Is Trump’s firing of the acting attorney general similar to Nixon’s actions? No.

By Tom Quiner

Sally Yates

Sally Yates

Richard Nixon fired his attorney general because he wouldn’t collude with Nixon in obstructing a legal investigation in which Nixon was the target.

Donald Trump fired his acting attorney general, Sally Yates, because she refused to carry out the president’s orders.

Are the situations similar? No.

Peter Flaherty is president of the National Legal and Policy Center. He said:

“There’s no comparison at all. This Justice official was insubordinate and should have been fired … She may think she’s president, but she’s not.”

Andrew McCarthy concurs. He was the lead prosecutor on several high-profile terrorism cases in Manhattan:

“To my mind, she should have been escorted out of the building. It’s like comparing World War II to an exhibition baseball game. Apples and oranges doesn’t do justice to how different these two situations are.”

Carl Bernstein, who earned his fame as a Watergate investigative reporter, also sees no comparison:

“There’s a big difference, because the ‘Saturday Night Massacre’ was really about firing the attorney general when Nixon was the target of an investigation and was actively obstructing justice. I think the president is within his rights here to fire the attorney general, that he has that ability.”

The fired acting attorney, Sally Yates, was a holdover from the Obama administration. In a letter describing her unwillingness to follow President Trump’s orders, she offered no legal analysis and cited no case law.

Had this happened under an Obama administration, the media’s response would have been much different.

The honorable thing for her to have done was to resign if she disagreed with her boss’s politics. That’s what this is all about.

4 Comments

  1. parrillaturi on January 31, 2017 at 5:34 pm

    Bingo! The liberals won’t get it. Their feelings get in their way.

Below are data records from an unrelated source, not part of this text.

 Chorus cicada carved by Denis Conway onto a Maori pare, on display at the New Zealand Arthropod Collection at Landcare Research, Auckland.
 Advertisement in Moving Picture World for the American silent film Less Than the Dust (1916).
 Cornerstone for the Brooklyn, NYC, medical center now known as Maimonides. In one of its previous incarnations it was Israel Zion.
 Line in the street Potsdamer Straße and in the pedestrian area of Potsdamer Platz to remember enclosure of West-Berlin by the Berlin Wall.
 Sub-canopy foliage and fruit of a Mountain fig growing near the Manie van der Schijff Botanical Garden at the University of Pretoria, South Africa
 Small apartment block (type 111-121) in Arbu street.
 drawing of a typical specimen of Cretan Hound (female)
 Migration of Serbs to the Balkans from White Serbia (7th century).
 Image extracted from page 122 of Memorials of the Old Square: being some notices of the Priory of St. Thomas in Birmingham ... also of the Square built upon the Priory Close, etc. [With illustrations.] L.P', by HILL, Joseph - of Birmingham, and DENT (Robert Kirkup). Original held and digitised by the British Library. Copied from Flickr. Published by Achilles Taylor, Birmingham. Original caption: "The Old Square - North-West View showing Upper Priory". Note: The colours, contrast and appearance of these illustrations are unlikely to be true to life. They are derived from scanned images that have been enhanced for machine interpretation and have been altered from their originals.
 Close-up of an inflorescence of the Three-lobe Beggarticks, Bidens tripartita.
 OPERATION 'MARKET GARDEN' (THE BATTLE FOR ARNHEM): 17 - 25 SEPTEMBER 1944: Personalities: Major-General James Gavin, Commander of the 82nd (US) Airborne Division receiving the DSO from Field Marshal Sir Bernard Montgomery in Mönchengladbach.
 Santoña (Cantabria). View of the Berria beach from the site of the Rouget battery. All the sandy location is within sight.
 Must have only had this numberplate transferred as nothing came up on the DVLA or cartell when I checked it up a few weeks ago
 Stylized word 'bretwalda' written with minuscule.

  2. d. knapp on January 31, 2017 at 11:28 pm

    You’re using facts man! WHAT do the left need w/ FACTS?



    • quinersdiner on February 1, 2017 at 10:30 am

      I do have readers who dislike Trump, but they have an appreciation for facts and logic. However, your point is well-taken.



      • d. knapp on February 1, 2017 at 11:54 am

        I’m sure many conservative Republicans dislike him. It’s ok, as long as they only make it about his true faults and not the soup the MSM makes w/ lies and half truths. Facts is facts. The order was vetted through that woman’s own department. It may not have been been wise but it WAS legal. I still don’t understand liking or disliking a person one doesn’t know. It’s his actions one should be evaluating. Also if Sessions had been there, this may not have gone down this way. His most experienced person has been held up…3 days too long to possibly prevent the small problems. Possibly deliberate on the left? They probably figured he’d screw up a little if denied his most experienced cabinet member…and he did. A little like leaving a little kid alone too long w/ the family china. SOMETHING bad will happen eventually, even if just a nick in a cup.That’s what this was, not the total destruction of the set.